REPUBLIKA.CO.ID, JAKARTA -- Wakil Ketua Komisi III DPR Ahmad Sahroni mengaku heran dengan mengaku heran dengan Mahkamah Konstitusi (MK) yang memutuskan menerima gugatan Wakil Ketua Komisi Pemberantasan Korupsi (KPK) Nurul Ghufron soal perpanjangan masa jabatan pimpinan KPK. Ia pun menyindir, MK yang aspiratif mungkin juga bisa saja memperpanjang masa jabatan DPR.
"Karena MK sangat inspiratif, maka kita mencoba juga perpanjangan DPR lima tahun lagi ke depan, rasanya boleh dipertimbangkan," ujar Sahroni saat dihubungi wartawan, Kamis (25/5/2023),
DPR lewat Komisi III yang menyusun dan membuat Undang-Undang Nomor 19 Tahun 2019 tentang Komisi Pemberantasan Tindak Pidana Korupsi. Sebelum adanya putusan MK tersebut, dalam Pasal 34 UU KPK dijelaskan bahwa pimpinan KPK memegang jabatan selama empat tahun dan dapat dipilih kembali hanya untuk sekali masa jabatan.
"Kita mau panggil MK terkait ini agar publik tidak bertanya-tanya hal keputusan dari MK. Saya akan minta kepada pimpinan yang lain untuk memanggil MK. Karena kami kalau memanggil mitra kerja Komisi III harus kolektif kolegial," ujar Sahroni.
Anggota Komisi III DPR Fraksi Partai Demokrat Benny K Harman juga mengkritik putusan MK tersebut. Ia mempertanyakan kewenangan MK yang mengubah masa jabatan pimpinan KPK dari empat menjadi lima tahun.
"Apa betul MK mengubah masa jabatan pimpinan KPK dari empat tahun ke lima tahun? dari mana sumber kewenangan MK mengubah periode masa jabatan pimpinan KPK ini. Itu kewenangan mutlak pembentuk UU, tertib konstitusi menjadi rusak akibat MK ikut bermain politik, hancur negeri ini," ujar Benny.

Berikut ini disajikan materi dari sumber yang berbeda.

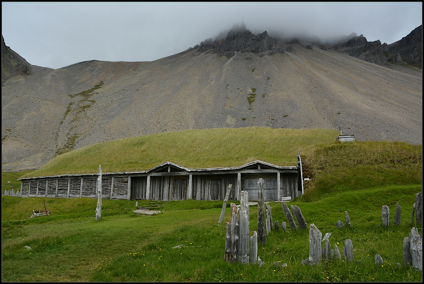 Nach dem Frühstück sprachen uns drei Österreicher an. Mit ihrem Auto würde etwas nicht stimmen, ob wir das Klackern auch hören würden?! Ja, aber viel machen konnten wir auch nicht. Wo wir aber schon mal im Gespräch waren, liefen wir auch gemeinsam zu dem Wikingerdorf am Berghang rüber. Dieses wurde 2009 für irgendeinen Film aufgebaut. Seitdem verfällt dort alles und ist jetzt nicht wirklich sehenswert.

Diketahui, MK memutuskan menerima gugatan Wakil Ketua KPK Nurul Ghufron soal perpanjangan masa jabatan pimpinan KPK. Dengan putusan ini, jabatan pimpinan KPK dari empat tahun menjadi lima tahun.
Hakim MK M Guntur Hamzah setuju masa jabatan pimpinan KPK seharusnya juga disamakan dengan pimpinan 12 lembaga non-kementerian atau auxiliary state body di Indonesia seperti Komnas HAM, KY, KPU yaitu lima tahun.
MK berpendapat pengaturan masa jabatan pimpinan KPK yang berbeda dengan masa jabatan pimpinan/anggota komisi atau lembaga independen, khususnya yang bersifat constitutional importance telah melanggar prinsip keadilan, rasionalitas, penalaran wajar dan bersifat diskriminatif.
Kondisi itulah yang diyakini MK bertentangan dengan Pasal 28D ayat 1 UUD 1945. "Oleh karena itu, menurut Mahkamah, masa jabatan pimpinan KPK seharusnya dipersamakan dengan masa jabatan komisi dan lembaga independen yang termasuk ke dalam rumpun komisi dan lembaga yang memiliki constitutional importance yakni lima tahun sehingga memenuhi prinsip keadilan, persamaan, dan kesetaraan," ujar Guntur yang pernah terjerat skandal pengubahan putusan MK.